Big Data and Data Science in Educational Research

A special issue of Big Data and Cognitive Computing (ISSN 2504-2289).

Deadline for manuscript submissions: closed (15 December 2018) | Viewed by 6368

Special Issue Editor

Educational Technology and Research methodologies, Higher Education Development Centre, University of Otago, Dunedin, New Zealand
Interests: artificial Intelligence in education (AIED); big data and learning analytics; data science in educational research; theory and praxis of teaching of research methodology (Quan, Qual and MM)

Special Issue Information

Dear Colleagues,

The growing volume of data generated by machines, humans, applications, sensors and networks, together with the associated complexity of the research environment, requires innovation in educational research. In education, the ability to work with new forms of data and analytical tools can provide educational institutions with the knowledge they need to operate efficiently in highly technical and challenging research environments. Moreover, the growing research interest in Big Data and analytics in education suggests that the field of educational research is likely to become a data-intensive in the near future.

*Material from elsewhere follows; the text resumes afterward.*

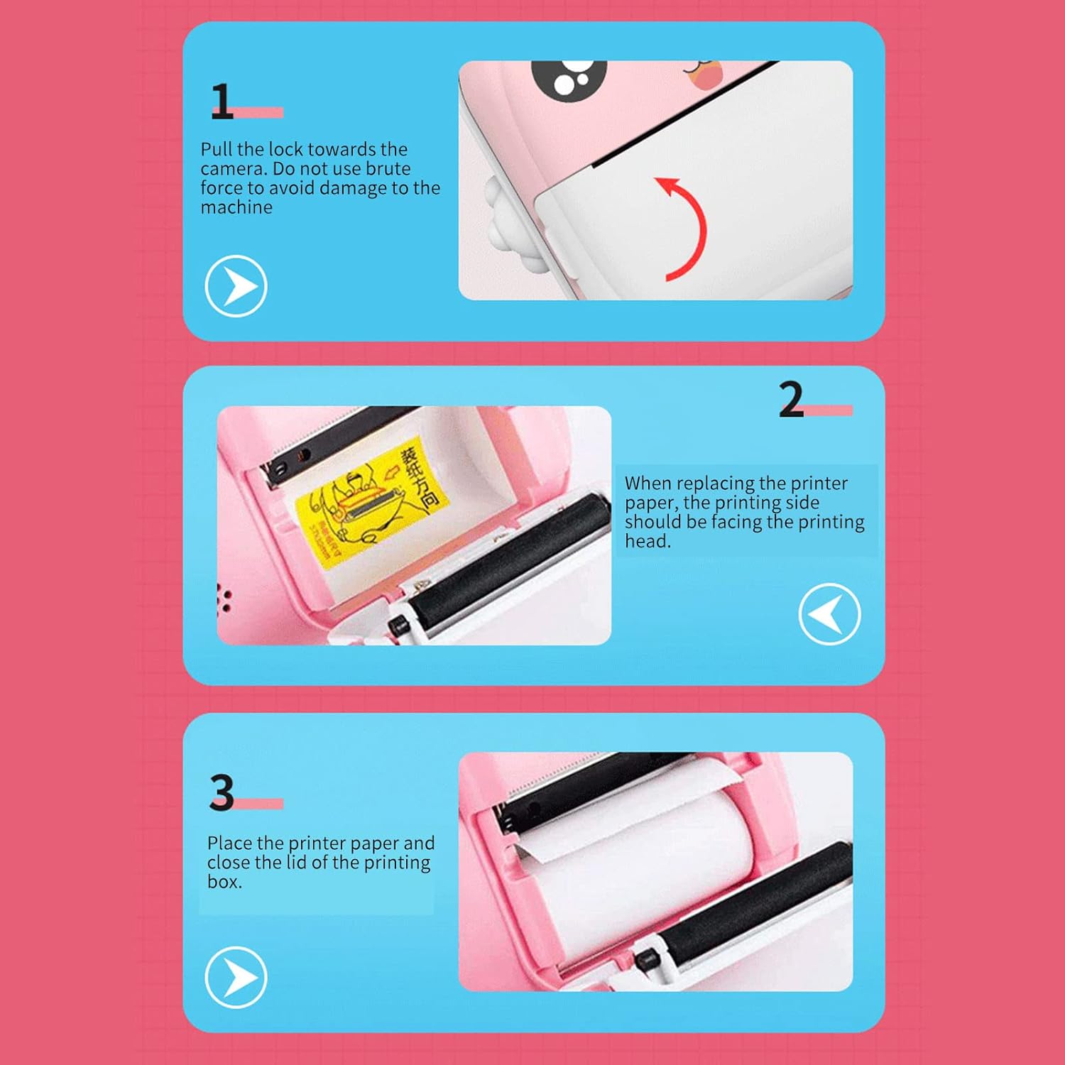 📸 Fotos y videos en alta calidad: captura imágenes en 24MP y videos en Full HD 1080P. La cámara incluye función de impresión instantánea (blanco/negro), para que los niños puedan imprimir sus fotos y decorarlas con acuarela o marcadores, fomentando la creatividad y el arte.

Educational Data Science(EDS) is a growing field of inquiry, primarily concerned with the extraction of information from a large and complex set of educational data, with the purpose of discerning valuable and actionable knowledge. EDS techniques can be applied to explore large quantities of data on students’ learning trajectories in learning management systems, social media interaction, faculty teaching practices. These data can be harvested and analysed to reveal useful patterns and insights to support better decisions relating to student learning, teaching and optimisation of institutional resources.

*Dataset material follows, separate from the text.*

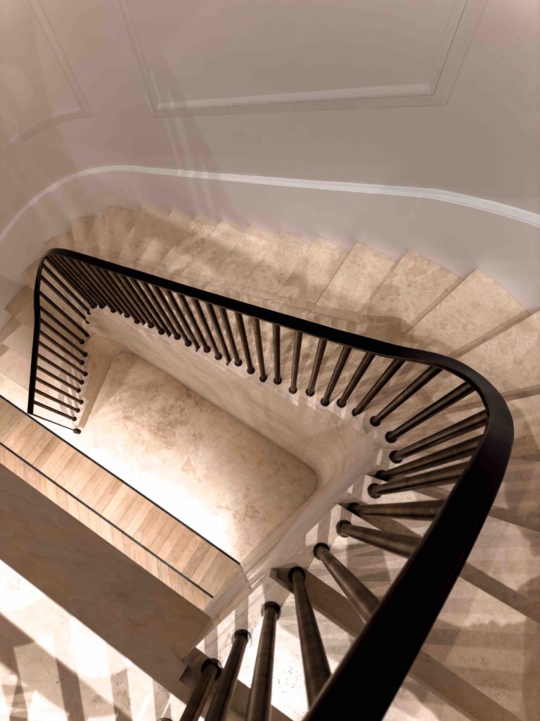 Архитектруная бронза для отеля BVLGARI , Москва. Лестица $. Вид сверху 5

This Special Issue will present selected examples of the latest research on the application of Big Data and Data Science concepts, approaches, models, methods and methodologies in educational research. It will cover fundamental concepts and advanced Data Science approaches and analytic methods used in educational research, and ultimately open up opportunities to research and develop new analytical methods and techniques in Big Data applications in educational research.

Dr. Ben Kei Daniel
Guest Editor

Manuscript Submission Information

Manuscripts should be submitted online at www.mdpi.com by registering and logging in to this website. Once you are registered, click here to go to the submission form. Manuscripts can be submitted until the deadline. All submissions that pass pre-check are peer-reviewed. Accepted papers will be published continuously in the journal (as soon as accepted) and will be listed together on the special issue website. Research articles, review articles as well as short communications are invited. For planned papers, a title and short abstract (about 100 words) can be sent to the Editorial Office for announcement on this website.

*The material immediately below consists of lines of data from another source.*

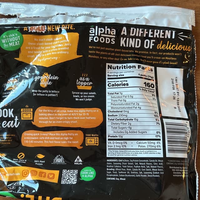 I found these breaded chick'n patties at the Grocery Outlet. Thought I'd give it a try as I had never seen this brand before. I air fryed the patties for about 10min or so and they turned out nice and crispy. I would say these are not as flavourful as other breaded chicken burger/patties I have tried, but this is still decent, especially at Outlet pricing. I ate it in a bun with a bunch of condiments/toppings and it tasted good overall with the additional flavors.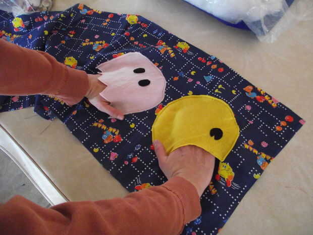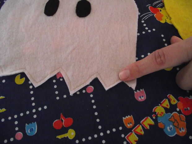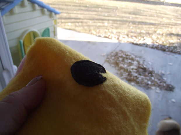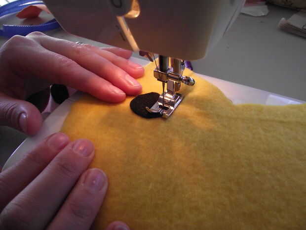Así que la próxima cosí sobre cada ojo poco muy lentamente. Porque soy un novato cuando se trata de una costura para que mi lema es lento y constante! Después de que cada uno tenía los ojos conectados y cualquier exceso fieltro fue recortado lo fue tiempo para coser encima del (como dice mi amigo) las partes flappy. La apertura de la manopla, para que nada batallas. Ahora es el momento para fijar esa manopla a la tela. Colocar en el centro o donde desea y perno a la derecha de una sola pieza de la tela, tipo de Entonces tome a su máquina de coser y coser alrededor del borde de su manopla, asegúrese de no coser la abertura. Y ahora tienes manoplas! Solo tienes que coser una almohada ahora. Casi allí, usted puede hacerlo!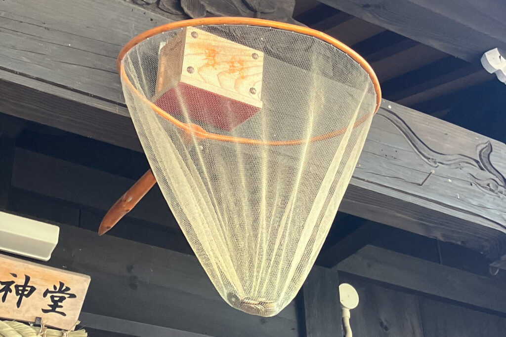 バスケットゴール?いや、よく見たらタモだ。メダカですものね。入ったらラッキー。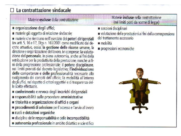 Contrattazione collettiva Il processo di privatizzazione del rapporto del lavoro iniziato con il D. lvo 29/93 aveva subito una forte accelerazione con la legge 59/97 e con i successivi decreti delegati riconducendo alla disciplina negoziale ( CONTRATTAZIONE, ex art. 2 c 3 D. lvo 165/01 ) tutti gli istituti del rapporto di lavoro demandati a tale fonte al fine di qualificare l’offerta dei servizi attraverso la piena valorizzazione delle risorse. Le trattative sono svolte dalla Agenzia per la rappresentanza Negoziale delle PP. AA (ARAN) per la parte pubblica, e le OO. SS. Individuate secondo i criteri di cui all’art. 47 bis D. Lvo 29/93 per la parte sindacale

Submitted manuscripts should not have been published previously, nor be under consideration for publication elsewhere (except conference proceedings papers). All manuscripts are thoroughly refereed through a single-blind peer-review process. A guide for authors and other relevant information for submission of manuscripts is available on the Instructions for Authors page. Big Data and Cognitive Computing is an international peer-reviewed open access monthly journal published by MDPI.

Please visit the Instructions for Authors page before submitting a manuscript. The Article Processing Charge (APC) for publication in this open access journal is 1800 CHF (Swiss Francs). Submitted papers should be well formatted and use good English. Authors may use MDPI's English editing service prior to publication or during author revisions.

Keywords

  • Data Science in educational research
  • Learner and user modelling
  • Educational data mining
  • Technology-enhanced Educational
  • Big Data in Education
  • Learning Analytics
  • Teacher/Teaching Analytics
  • Sentiment analysis in learning environments
  • Dashboards and visualisation techniques in education
  • Social network analysis
  • Emergent educational research methods and techniques

Published Papers (1 paper)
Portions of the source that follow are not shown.